Maine Question 5, formally An Act to Establish Ranked-Choice Voting, was a citizen-initiated referendum question that qualified for the Maine November 8, 2016 statewide ballot. It was approved by a vote of 52% in favor, 48% opposed. It sought to change how most Maine elections were to be conducted from plurality voting to instant-runoff voting (IRV, sometimes conflated with ranked-choice voting). It appeared on the ballot along with elections for President of the United States, Maine's two U.S. House seats, the legislature, five other ballot questions, and various local elections. The referendum was successful, making Maine the first state to use ranked choice voting for its federal elections.

An advisory opinion by the Maine Supreme Judicial Court, issued on May 23, 2017, said the court would rule ranked-choice voting unconstitutional if it came before them, with respect to elections for state offices.
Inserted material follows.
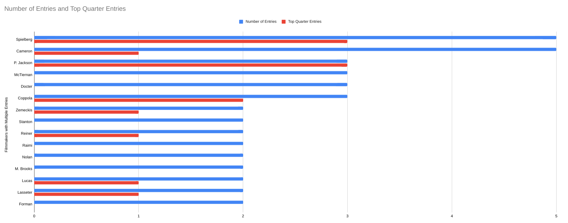 One of the first questions I had as I was working through my rubrics and compilations was a pretty simple one: Spielberg or Cameron? I’m a little alarmed by how conventional I am here, but I do think it’s tough to choose someone apart from the Phoenix dweeb and the angriest man in the history of Ontario. Who you choose as the greatest director of English-language blockbuster films in the past fifty years says something about more than just what kind of picture you want on the big screen while you guzzle down a Coke and swallow handfuls of popcorn whole. Choose Steven Spielberg and you choose, above all else, great focus. The shark, the hat and the whip, the T-rex, all of it presented with a hint of mystery first before striking you with the terrific reveal. James Cameron is not as interested in the reveal, or at least not so interested in us glimpsing a shadow before the whole figure. Cameron is about big, about playing with technological toys in the way that Spielberg is typically stereotyped doing. The melting body of the T-1000, the computer generated hull of the Titanic, basically all of Avatar. To answer this question based on my own rubric, I decided to look at it from two perspectives. First: who had more films in the top quartile of the list? And second: who was the more represented director?

This led the Maine Legislature to vote to delay its implementation until 2021 to allow time for a Constitutional amendment to be passed to permit it. Supporters gathered signatures to force a successful people's veto referendum on the matter in order to prevent the delay.

==Background==
In the eleven Maine gubernatorial elections prior to 2016, only two candidates (incumbent governors Joe Brennan in 1982 and Angus King in 1998) won more than 50% of the vote. Typically gubernatorial elections have more than two significant candidates; the 2010 election had five candidates, with Paul LePage emerging as the winner with 37.6% of the vote. Some public opinion felt that his victory was due to opponents of LePage dividing their votes between Democratic candidate Libby Mitchell and independent candidate Eliot Cutler.
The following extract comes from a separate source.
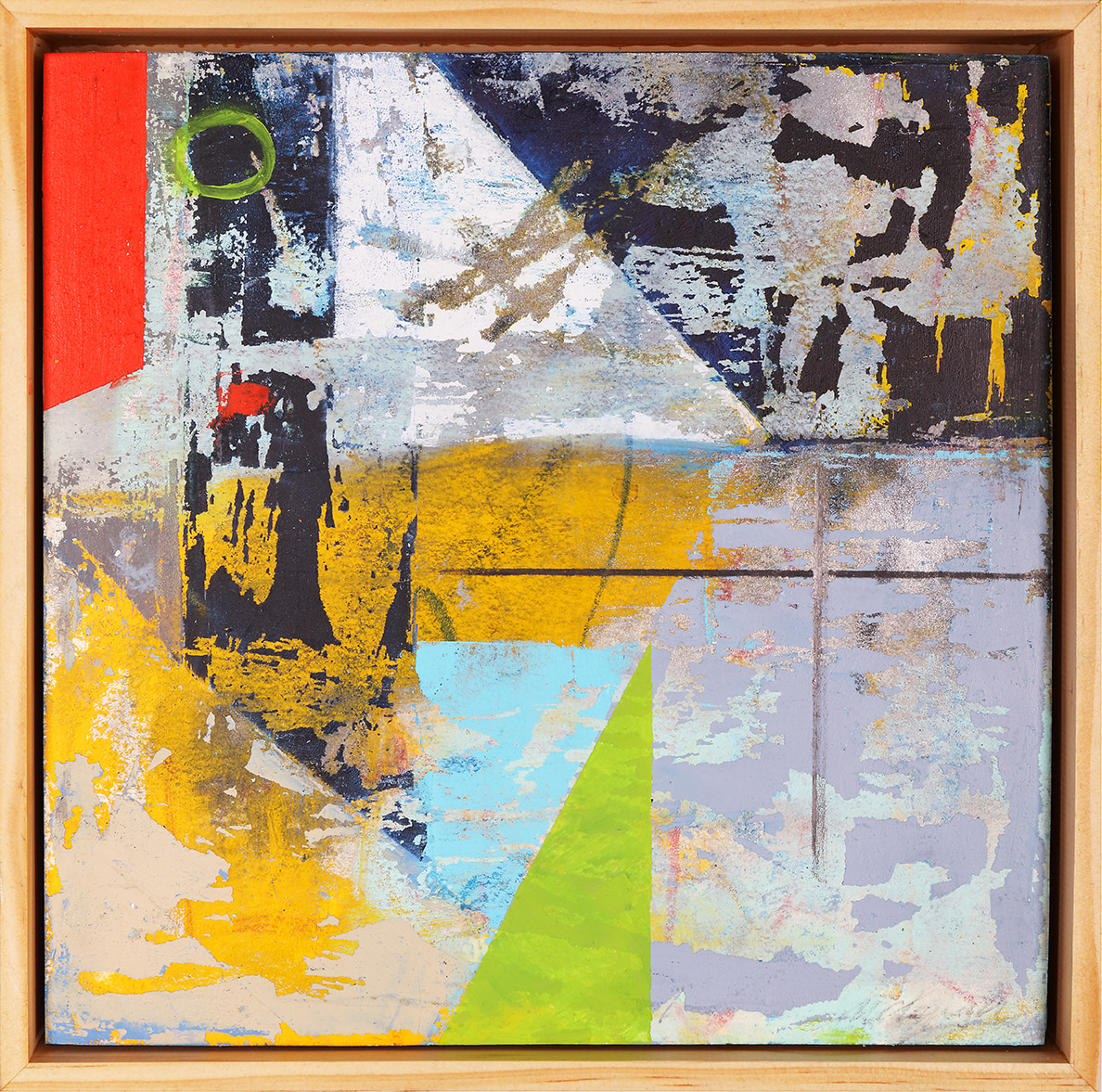 Original mixed media abstract oil painting by Stevenjohn McHugh titled "ARTifact #13". Measures 9.75" x 9.75" x 1.5. Framed size is 10.5 x 10.5" x 2.5". Mixed media with oil stick, marker, oil, graphite, charcoal and cold wax on Arches oil paper glued on wood panel with PH balance glue. Side of wood cradle (solid wood) is varished natural. Signed on front and back. Framed is a vanished gallery frame solid wood.

Proposals to enact ranked-choice voting have been introduced in the legislature as early as 2003, but were rejected. After a 2010 charter change, the city of Portland began electing its mayor using ranked-choice voting in 2011. There were new legislative proposals in 2011, though they were rejected as well. In 2014, upon releasing his supporters to vote for someone else in the 2014 election, Eliot Cutler encouraged his supporters to support ranked-choice voting. Led by former independent State Senator Richard G. Woodbury, Ranked Choice Voting collected more than the 61,123 valid signatures necessary to put a proposal to voters, collecting some 40,000 on Election Day 2014. The group collected 75,369 signatures and delivered them to Maine Secretary of State Matthew Dunlap by October 19, 2015. Dunlap ultimately certified 64,687 signatures by November 18, 2015, which put the proposal on the November 2016 ballot.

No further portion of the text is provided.